INSTRUCTIONS TO FOLLOW
Reproduction of part of the material below, pictures omitted: copy exactly, and only, the lines starting with the one with "Seramik üstü ve" and going on through the one with "with our kids".

RECORD EXTRACTS
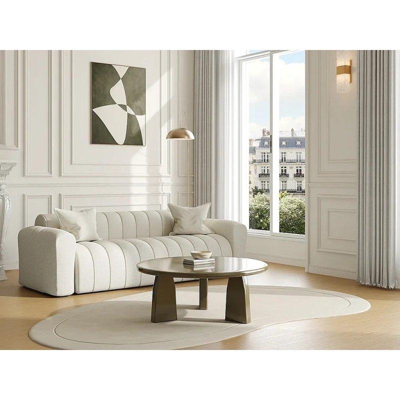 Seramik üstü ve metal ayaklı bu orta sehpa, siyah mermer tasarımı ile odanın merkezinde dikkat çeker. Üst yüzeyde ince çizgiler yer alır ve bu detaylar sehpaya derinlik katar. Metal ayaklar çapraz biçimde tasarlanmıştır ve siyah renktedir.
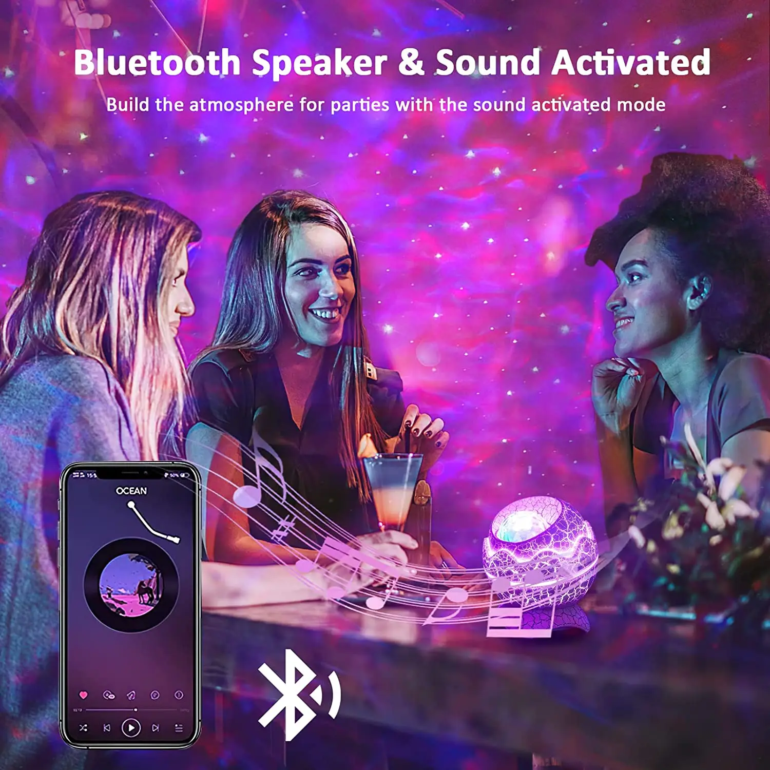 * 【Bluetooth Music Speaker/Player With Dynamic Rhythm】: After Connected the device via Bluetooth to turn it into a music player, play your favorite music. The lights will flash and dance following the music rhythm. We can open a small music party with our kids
...
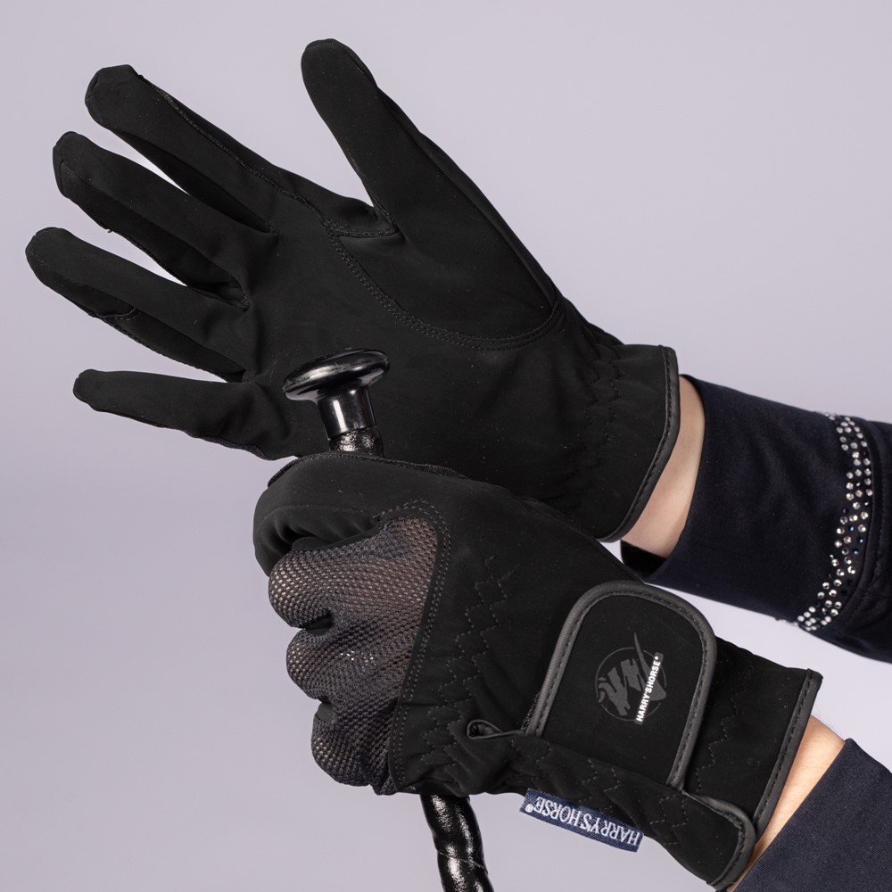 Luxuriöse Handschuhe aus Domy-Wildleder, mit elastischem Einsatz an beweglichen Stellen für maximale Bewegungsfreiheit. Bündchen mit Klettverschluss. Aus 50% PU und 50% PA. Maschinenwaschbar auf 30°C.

OUTPUT
 Seramik üstü ve metal ayaklı bu orta sehpa, siyah mermer tasarımı ile odanın merkezinde dikkat çeker. Üst yüzeyde ince çizgiler yer alır ve bu detaylar sehpaya derinlik katar. Metal ayaklar çapraz biçimde tasarlanmıştır ve siyah renktedir.
 * 【Bluetooth Music Speaker/Player With Dynamic Rhythm】: After Connected the device via Bluetooth to turn it into a music player, play your favorite music. The lights will flash and dance following the music rhythm. We can open a small music party with our kids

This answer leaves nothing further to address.